In this blog post, Dr. Alexandra Hamelin weighs in on many of the controversies surrounding activated charcoal (AC), and provides a practical approach for its use in overdose patients in the emergency department. Specifically:

  1. The dosing of AC
  2. The time window post-ingestion for use of AC
  3. The use of multi-dose AC and the concept of gut dialysis
  4. The role of AC in acetaminophen overdose,
  5. The combined approach of AC and whole bowel irrigation.

Activated Charcoal

Activated charcoal (AC) has been recognized for almost 2 centuries as an effective adsorbent for many substances. It’s made by the controlled pyrolysis of carbon-based compounds, like peat, coconut shells, and bamboo, followed by activation at very high temperatures with various oxidizing agents. This creates a huge maze of internal pores with a surface area ranging from 800-1200 m2/g, capable of adsorbing a wide variety of drugs and toxins.
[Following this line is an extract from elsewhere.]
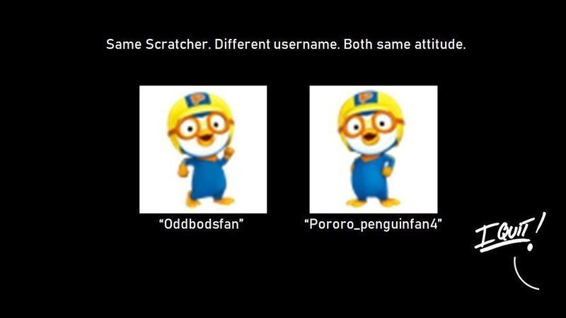 He's one of the scratcher who was irresponsible for blocking TheSpiderFoundation & Deleted ArmstrongJordon by the Scratch Team, making poorly maded Vector sprites & FAKE "Vector" sprites, remixing various projects, making poorly made RANTS & Salute, Hating Home Alone movies, Criticizing joshieman2008 & robintitan, poorly done English / Engrish grammars, Remixing the same damn Leekspin projects over 168 times, lying about his learning and being a kid who loves to code, posting projects with blood 3 times, having a fake "apology" to LogoFan2016, making projects out of me, joshieman2008, robbrasil & SuperKot7, changing the profile image as a sockpuppetry & lastly, his username "Oddbodsfan" and "Pororo_penguinfan4" are absolutely nothing to do with the shows. It truly doesn't! Where's the characters from the those series? Where's anything related?
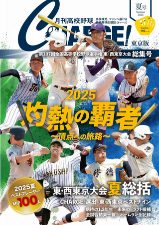 【月刊高校野球CHARGE!第107回全国高等学校野球選手権 東・西東京大会総集号】が全国書店※1、公式サイト(https://monthly-charge.com/2025_夏総集号東京版/)、Amazon、ASA※1、セブンイレブン※1で9月2日に発売 ※1 一部を除く

But for such a universal method of decontamination, there still remains some controversies and misconceptions amongst emergency physicians and other healthcare providers. The current debate regarding the role of AC in poison management relies on reconciling the evidence in controlled volunteer trials and heterogenous overdose patients, combined with clinical experience and expert advice.



When you think about administering AC, how much are you giving? While many physicians use a 1g/kg dosing regimen, the dose should actually be an AC-to-drug ratio of 10:1. Essentially, for every 1 mg of drug ingested, 10mg of AC is administered.

The best scientific basis for the 10:1 AC-to-drug ratio comes from in-vitro studies and in-vivo studies using para-amino-salicylate (PAS). In vitro, the fraction of unadsorbed PAS decreases from 55% to 3% as the AC-to-drug ratio increases from 1:1 to 10:1, with this ratio being similarly effective in human volunteer studies (1, 2).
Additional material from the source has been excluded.